### SUPPLIED RECORDS:
○ ○ ○

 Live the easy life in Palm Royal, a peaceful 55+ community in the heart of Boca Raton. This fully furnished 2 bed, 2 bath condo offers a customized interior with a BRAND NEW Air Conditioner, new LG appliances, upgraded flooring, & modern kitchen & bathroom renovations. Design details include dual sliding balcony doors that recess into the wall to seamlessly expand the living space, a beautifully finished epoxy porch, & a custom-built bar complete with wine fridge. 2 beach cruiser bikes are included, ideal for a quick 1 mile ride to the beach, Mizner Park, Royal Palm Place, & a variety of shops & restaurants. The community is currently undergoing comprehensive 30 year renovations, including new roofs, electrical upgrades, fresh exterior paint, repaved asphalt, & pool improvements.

○ ○ ○

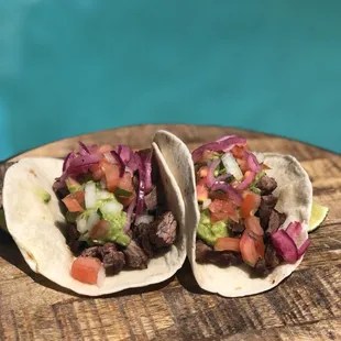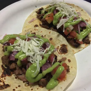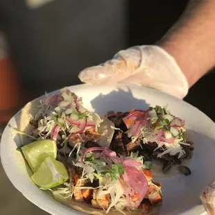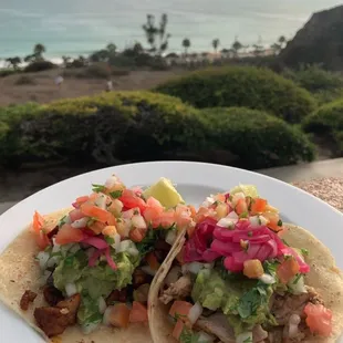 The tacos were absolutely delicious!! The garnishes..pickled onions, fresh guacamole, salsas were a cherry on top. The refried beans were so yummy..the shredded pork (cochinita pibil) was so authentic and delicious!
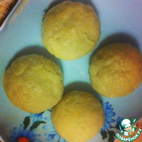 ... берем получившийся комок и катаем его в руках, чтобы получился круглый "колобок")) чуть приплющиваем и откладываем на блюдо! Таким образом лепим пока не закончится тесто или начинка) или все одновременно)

○ ○ ○

### WORK REQUIRED:
Only the lines of the listing above from the one with "The tacos were" through the one with "или все одновременно)" should be output, exactly, with both ends kept and pictures left out.

### TASK RESPONSE:
 The tacos were absolutely delicious!! The garnishes..pickled onions, fresh guacamole, salsas were a cherry on top. The refried beans were so yummy..the shredded pork (cochinita pibil) was so authentic and delicious!
 ... берем получившийся комок и катаем его в руках, чтобы получился круглый "колобок")) чуть приплющиваем и откладываем на блюдо! Таким образом лепим пока не закончится тесто или начинка) или все одновременно)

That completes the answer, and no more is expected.